HaikuOS Gets Firefox Port, with a Look into Its History and Design

TapTechNews August 13th news, according to the Haiku forum, currently, developer X512 has brought a ported version of the Firefox web browser to HaikuOS, with the series version number being v128, one version behind the latest stable version v129.

HaikuOS Gets Firefox Port, with a Look into Its History and Design_0

HaikuOS Gets Firefox Port, with a Look into Its History and Design_1

It is known that the native browser WebPositive that comes with HaikuOS performs poorly, so there are developers continuously porting other mainstream browsers. However, currently, this ported version of the Firefox web browser is still in the early stage and there is no downloadable software package. Interested users need to compile it themselves.
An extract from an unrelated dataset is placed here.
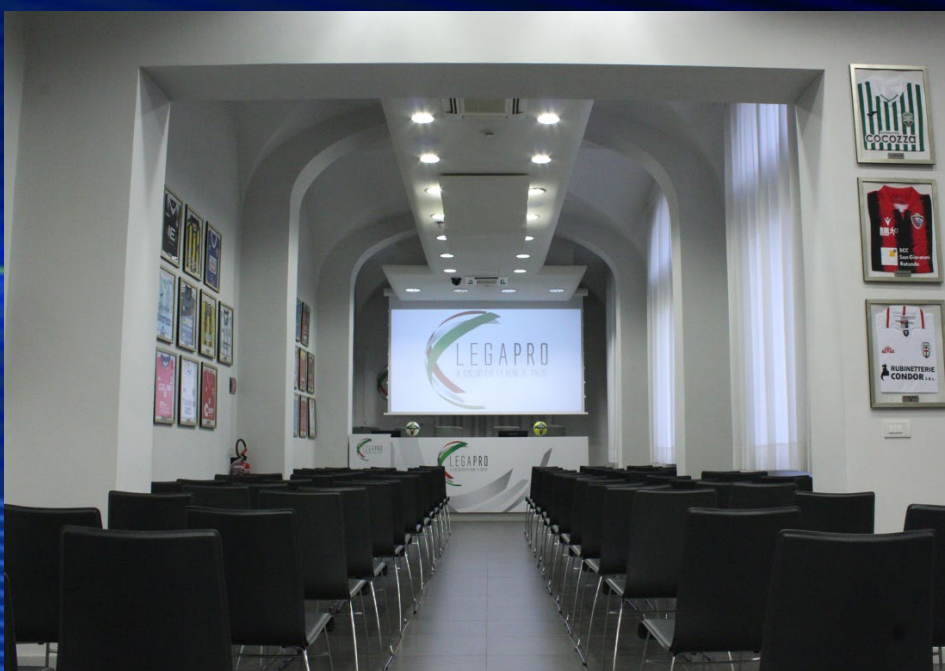
Foto della sala assembleare della Lega Pro presso la sede di Firenze

Verrà data informazione dell'accordo con un comunicato stampa concordato tra le parti.

TapTechNews note: Haiku is a very legendary operating system. The predecessor of this system, BeOS, was almost selected by Steve Jobs to become the macOS system that we are familiar with now.
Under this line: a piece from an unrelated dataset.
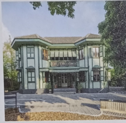
ไถบ้าน กรุงเทพมหานคร
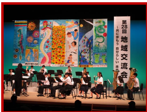
安来一中吹奏楽部の皆様

In 1990, Jean-Louse Gassee, the former head of Apple, founded Be Inc. After 4 years of hard work, a brand-new BeOS operating system (BeOS Wiki, Chinese Wikipedia, encyclopedia) was developed. From the very beginning of its design, BeOS was optimized for multi-processors, multi-threading, and multimedia processing, with extremely superior performance. Many technologies and concepts were far ahead of the operating systems of the same period.
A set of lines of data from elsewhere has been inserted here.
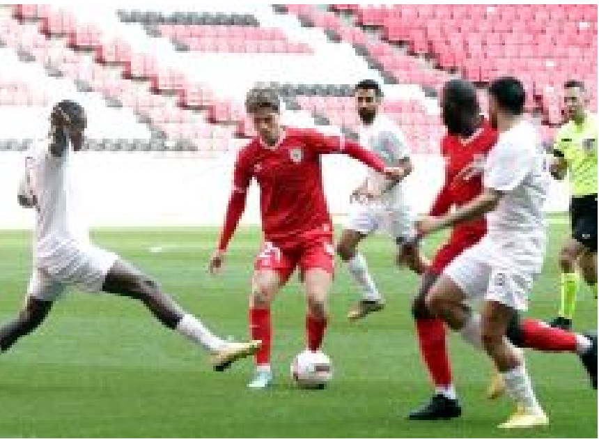
Ahlatcı Çorum FK, maça yedek ağırlıklı bir on birle başladı.
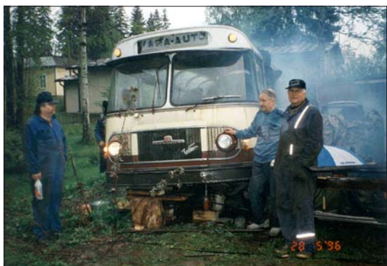
Ollaan hakemassa varaosa-autoa Meren Arviltä Kellokoskelta. Pitihän auto käyntiin panna, vähän savutti kylmänä.
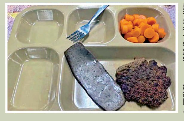
▲美海軍士兵家屬披露的照片顯示，餐盤中僅擺放少量碎肉、胡蘿蔔和褐色糊狀物。

「福特」號返美後，美國「林肯」號和「布什」號航母繼續留守中東，但艦上最基本的伙食保障已經告急。一名「林肯」號水兵的母親表示，自從幾個月前開始部署以來，她的兒子已經減掉了20磅，吃的飯僅有一小勺米飯，上面放了一塊肉乾。另一名男子表示，他曾給艦上一位士兵朋友送去蛋白粉，這名士兵稱自己身體太弱，甚至無法鍛煉。
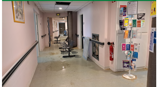
Situation au 03/04/2024
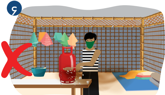
၄ သင် ခိုလှုံနေထိုင်ရာ အခန်းမှ အမှိုက်များကို ခြောက်သွေ့ သောအဝတ်အသုံးပြု၍ သန့်ရှင်းရေး မလုပ်ပါနှင့်။ အကယ်၍ ရောဂါပိုးသည် မျက်နှာပြင်ပေါ် ရောက်နေပါက သင့်ကူးပြန့်နိုင်ပါသည်။
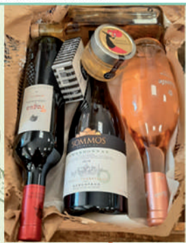
CATAS de vino para grupos
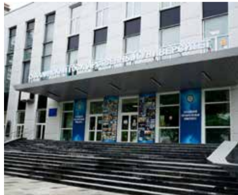
Здание Сахалинского госуниверситета

Еще одно, связанное с охотой, изменение. Отметку в охотничий билет охотники КМНС, ведущие традици-

In 1996, Apple gave up developing a new operating system by itself and thought that BeOS met its requirements for an operating system and offered $200 million to acquire Be Inc., but was rejected. Therefore, Apple finally welcomed back the ousted Apple founder Steve Jobs and his NeXTSTEP operating system at a cost of $429 million. Steve Jobs became the head of Apple again, and NeXTSTEP became the basis of the new MacOS X system.

However, the advanced technology of Be Inc. could not make up for the weakness in the market. In 2001, the company was acquired by Palm Inc., and the multimedia operating system BeOS, which was ahead of the times but also had a tragic fate, came to an end.

In the same year, a group of loyal enthusiasts started the OpenBeOS open source project, with the goal of rebuilding a free operating system similar to BeOS and compatible with it. In 2003, they established the non-profit organization Haiku, Inc. in New York State, USA to support this project. In 2004, due to copyright reasons, the project name was changed to Haiku (the pronunciation of a kind of Japanese classical short poem - haiku), that is, the current HaikuOS.

The design concept of HaikuOS is inherited from BeOS, focusing on a fully graphical multimedia operating system for personal PCs. The design goal is to minimize the kernel latency as much as possible, so as to process a large amount of multimedia data in real time, such as audio and video data streams, which has certain daily use value.